ERCOT has already implemented some changes to its credit rules for the real-time market in response to the higher offer cap. When the higher offer cap came into effect, ERCOT added a seasonal adjustment factor to the determination of collateral requirements, reduced to 40 from 60 the number of days of market participant history it reviews when determining credit requirements and gave itself more discretion in determining credit requirements. The changes aim to fix under-collateralization during shortage pricing events as well as over-collateralization following such events.
But some market participants are beginning to consider whether more far-reaching changes to the credit rules will be necessary to handle the potential increase in price volatility. Eric Goff, director at Citigroup Energy, is leading a subgroup of the Market Credit Working Group to discuss ERCOT’s future credit design.
At a Tuesday afternoon session, the group debated a number of possibilities for how ERCOT could improve its credit system, including moving to a probabilistic model, using an exchange for some ERCOT products and purchasing forced outage insurance.
Goff discussed a number of issues around the possibility of shifting to a probabilistic credit model. While ERCOT currently calculates credit requirements on a transaction-by-transaction basis, a probabilistic model would look at market participants’ entire trading portfolios and take into account the probability of different outcomes.

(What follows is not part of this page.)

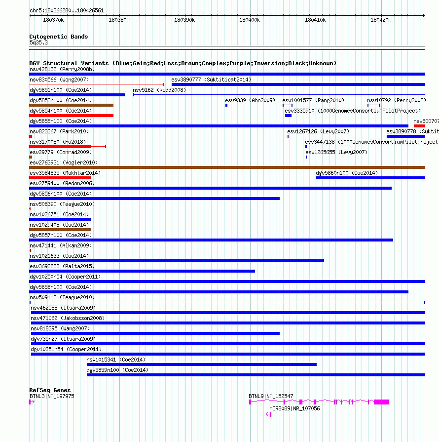 Variant DetailsVariant: nsv509112| Internal ID | 15825138 | | Landmark | | | Location Information | | | Cytoband | 5q35.3 | | Allele length | | Assembly | Allele length | | hg38 | 7972 | | hg19 | 7972 | | hg18 | 7972 | | hg17 | 7972 |

“The current credit system was kind of designed prior to the significant occurrences of scarcity pricing in the summer,” Goff said. “There’s potential room for improvement to more adequately capture the risk of scarcity pricing. … “At the same time, there may be some inefficiencies that may be structural to our credit system. So taking a portfolio approach might possibly provide an opportunity to reduce some structural inefficiencies.”
Much of the discussion centered on whether moving to a probabilistic model would be worthwhile given its increased complexity.
A representative from DC Energy suggested that requiring ERCOT to look at market participants’ entire portfolios might be “onerous” and suggested credit risks might be mitigated by clearing some ERCOT products on an exchange, like Nodal Exchange.
Another market participant suggested that ERCOT might want to explore forced outage insurance, which could be paid for and used as coverage by all generators in case they suffer a costly outage during a shortage pricing event. The market participant said that while prepaid insurance would require more capitalization up front from generators, it might be a simple way to reduce ERCOT’s exposure to potential bankruptcies.
“[I want] just to think a little bit out of the box on how we can simplify what we’re doing and provide better assurance to the market that we’ll have fewer entities going under,” the market participant said.